7 DRUG INTERACTIONS

7.1 Concomitant Use with Insulin and Insulin Secretagogues

STEGLUJAN may increase the risk of hypoglycemia when used in combination with insulin and/or an insulin secretagogue [see Adverse Reactions (6.1)]. Therefore, a lower dose of insulin or insulin secretagogue may be required to minimize the risk of hypoglycemia when used in combination with STEGLUJAN [see Warnings and Precautions (5.8)].

7.2 Positive Urine Glucose Test

Monitoring glycemic control with urine glucose tests is not recommended in patients taking medicines containing an SGLT2 inhibitor as SGLT2 inhibitors increase urinary glucose excretion and will lead to positive urine glucose tests. Use alternative methods to monitor glycemic control.

7.3 Interference with 1,5-anhydroglucitol (1,5-AG) Assay

Monitoring glycemic control with 1,5-AG assay is not recommended as measurements of 1,5-AG are unreliable in assessing glycemic control in patients taking medicines containing an SGLT2 inhibitor. Use alternative methods to monitor glycemic control.

7.4 Digoxin

There was a slight increase in the area under the curve (AUC, 11%) and mean peak drug concentration (Cmax, 18%) of digoxin with the coadministration of 100 mg sitagliptin for 10 days. Patients receiving digoxin should be monitored appropriately. No dosage adjustment of digoxin or STEGLUJAN is recommended. 

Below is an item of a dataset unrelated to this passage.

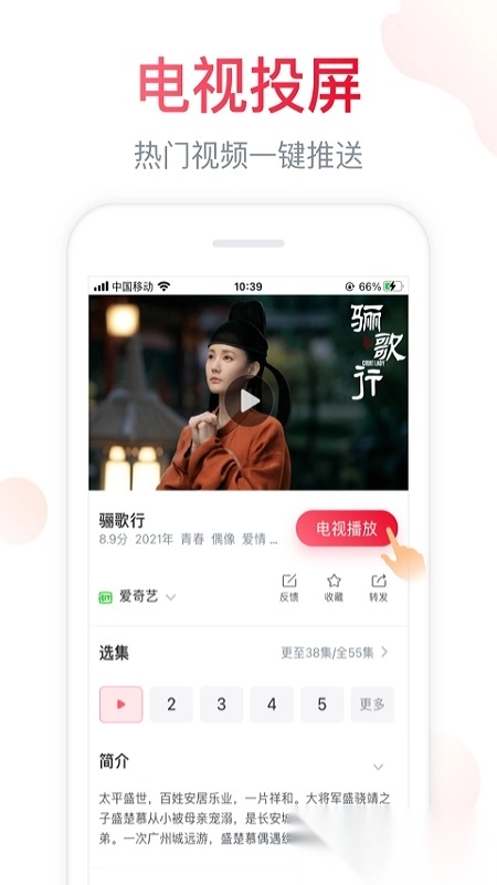 整合了华数、爱奇艺、腾讯等多家平台的视频资源,只需在手机上一键操作,就能将内容推送到电视播放,资源储备极为丰富。
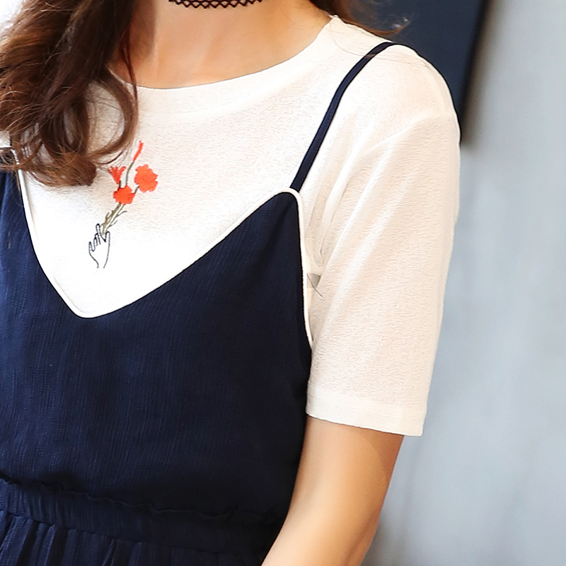 夏季新款韩版显瘦港味连衣裙chic两件套女装气质裙子吊带套装

8 USE IN SPECIFIC POPULATIONS

8.1 Pregnancy

Pregnancy Exposure Registry 

There is a pregnancy exposure registry that monitors pregnancy outcomes in women exposed to sitagliptin during pregnancy. Health care providers are encouraged to report any prenatal exposure to STEGLUJAN by calling the Pregnancy Registry at 1-800-986-8999.

Risk Summary 

Based on animal data showing adverse renal effects, from ertugliflozin, STEGLUJAN is not recommended during the second and third trimesters of pregnancy.

The limited available data with ertugliflozin and sitagliptin use during pregnancy are not sufficient to determine a drug associated risk of adverse developmental outcomes. There are risks to the mother and fetus associated with poorly controlled diabetes in pregnancy (see Clinical Considerations).

In animal studies, adverse renal changes were observed in rats when ertugliflozin was administered during a period of renal development corresponding to the late second and third trimesters of human pregnancy. Doses approximately 13 times the maximum clinical dose caused renal pelvic and tubule dilatations and renal mineralization that were not fully reversible. There was no evidence of fetal harm in rats or rabbits at exposures of ertugliflozin approximately 300 times higher than the maximal clinical dose of 15 mg/day when administered during organogenesis (see Data).

In rats and rabbits, sitagliptin doses of 250 and 125 mg/kg, respectively (approximately 30 and 20 times the human exposure at the maximum recommended human dose) did not adversely affect development outcomes of either species.